End-to-End Imitation Learning for SO-101 with ROS 2
Complete ROS 2 workflow from teleoperation to remote GPU inference for accessible robot learning.
Developer Dmitri Manajev has launched SO-101 ROS Physical AI, an open-source ROS 2 stack designed specifically for the affordable SO-101 robot arm. The project creates a complete, practical workflow for imitation learning on real hardware, addressing a gap in available resources. It includes everything from robot bringup and ros2_control integration to leader/follower teleoperation for collecting demonstrations and multi-camera support for episode recording. The system converts rosbag/MCAP files into LeRobot datasets and supports popular policies including ACT, SmolVLA, and π0/π0.5.
The architecture enables both synchronous on-device inference and asynchronous remote inference via a policy server, allowing computationally intensive models to run on separate GPU hardware while the robot executes actions locally. This makes advanced imitation learning accessible even with limited onboard compute. The typical workflow involves teleoperating the robot to collect demonstrations, converting recordings to LeRobot format, training policies, and deploying them back to the physical robot through ROS 2. Manajev designed the project specifically for students, researchers, and hobbyists who want to learn learning-based control in robotics with practical, reusable examples rather than isolated demos.
Demo videos showcase key components including async policy inference with remote servers, the episode recording workflow, and teleoperation setup. The project bridges the ROS 2 and robot learning ecosystems by providing a single reference implementation covering the entire imitation learning pipeline on real hardware. As an actively developed open-source project, it serves both as a practical platform for experimentation and as an educational resource for those exploring modern robotics techniques.
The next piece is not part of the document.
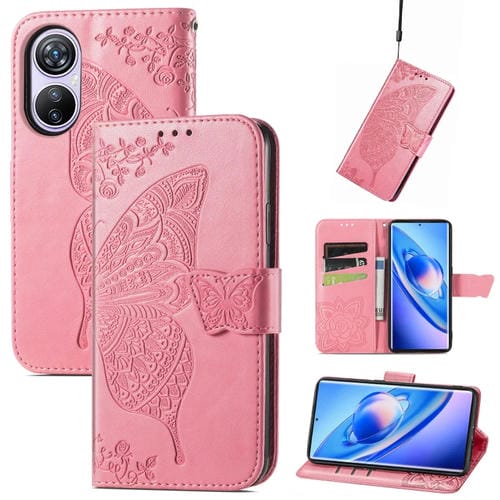 Funda de Cuero para BlackView A200 Pro Butterfly Love Flower en Relieve (Rosa)
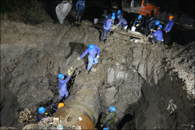 1月17日晚,绍兴柯桥滨海供水公司抢修人员在寒夜中冒雨抢修DN1000一期原水管。据了解,该管线位于兴滨路与越北路交叉口以南,是公司输送原水的重要管线,公司根据工业区供水情况,在不影响企业用水的前提下展开抢修工作,经过开挖、电焊等工序,连续工作12小时后,直至晚上9点原水管抢修完成。

- Complete ROS 2-native pipeline from teleoperation data collection to policy execution on real SO-101 hardware
- Supports both local inference and async remote inference via policy server for GPU-accelerated models
- Converts rosbag/MCAP recordings to LeRobot datasets compatible with ACT, SmolVLA, and π0/π0.5 policies
Why It Matters
Democratizes advanced robot learning by providing a complete, open-source workflow for imitation learning on affordable hardware.